#### THE INPUT:
'''

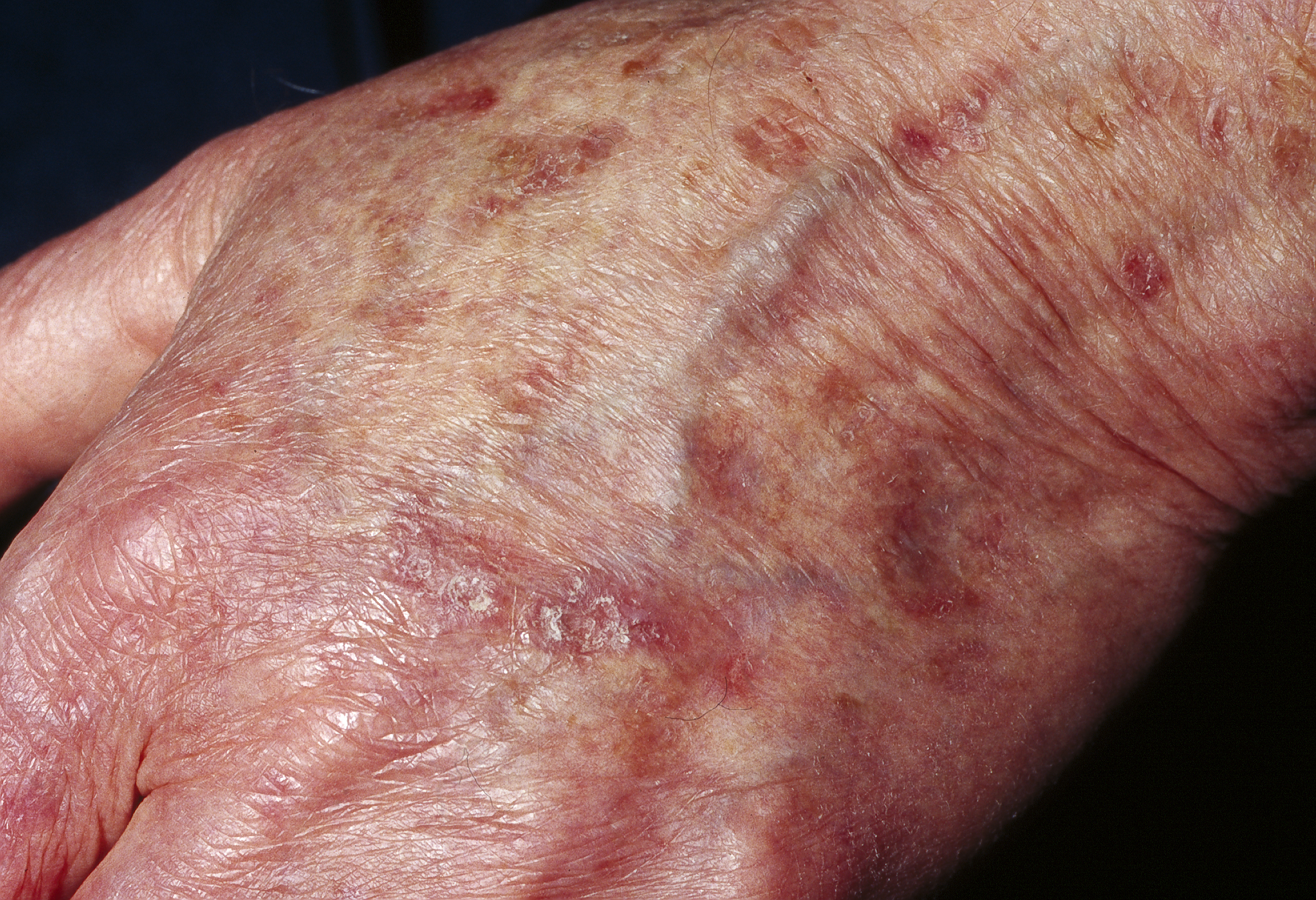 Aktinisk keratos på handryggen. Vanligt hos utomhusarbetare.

'''
'''

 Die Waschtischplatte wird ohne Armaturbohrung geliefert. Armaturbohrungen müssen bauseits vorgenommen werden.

'''
'''

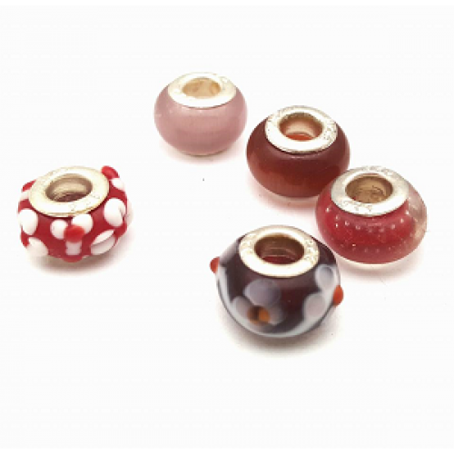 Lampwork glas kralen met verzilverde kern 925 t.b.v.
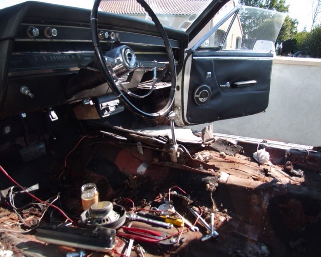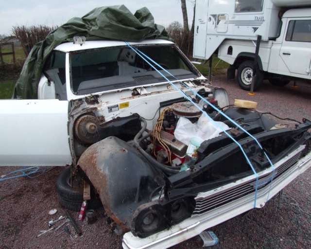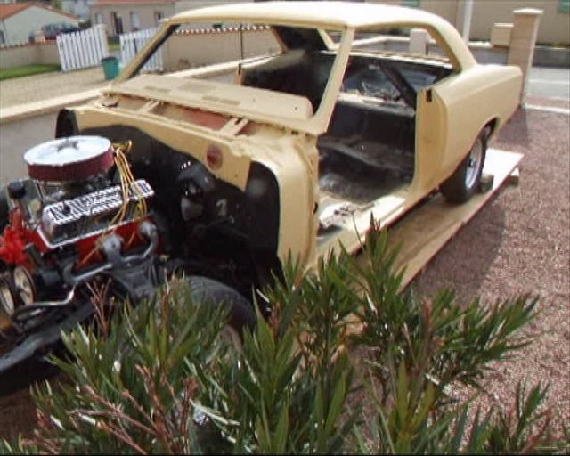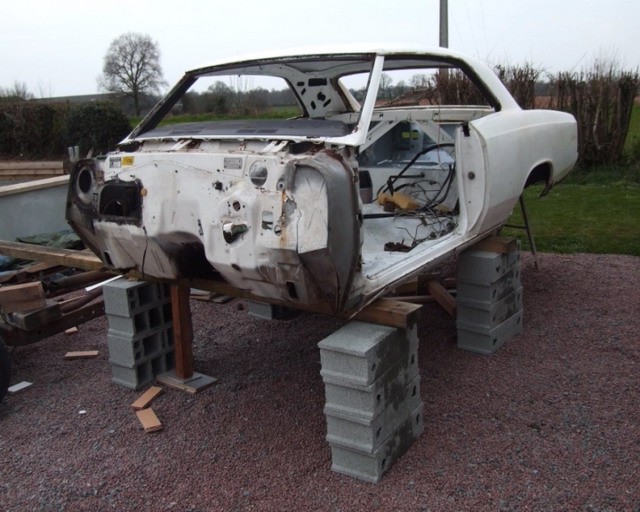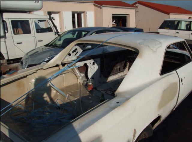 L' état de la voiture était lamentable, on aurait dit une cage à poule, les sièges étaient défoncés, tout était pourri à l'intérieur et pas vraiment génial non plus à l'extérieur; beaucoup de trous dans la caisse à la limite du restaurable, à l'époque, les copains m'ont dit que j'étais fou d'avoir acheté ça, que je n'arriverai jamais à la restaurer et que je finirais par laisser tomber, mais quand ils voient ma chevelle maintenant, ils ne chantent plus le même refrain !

'''

#### WORK ORDER:
Treat the line with "Lampwork glas kralen" as the start and the line with "L' état de la" as the end, and return exactly that span of the data above, both ends included, without pictures.

#### OUTPUT OF THE TASK:
 Lampwork glas kralen met verzilverde kern 925 t.b.v.
 L' état de la voiture était lamentable, on aurait dit une cage à poule, les sièges étaient défoncés, tout était pourri à l'intérieur et pas vraiment génial non plus à l'extérieur; beaucoup de trous dans la caisse à la limite du restaurable, à l'époque, les copains m'ont dit que j'étais fou d'avoir acheté ça, que je n'arriverai jamais à la restaurer et que je finirais par laisser tomber, mais quand ils voient ma chevelle maintenant, ils ne chantent plus le même refrain !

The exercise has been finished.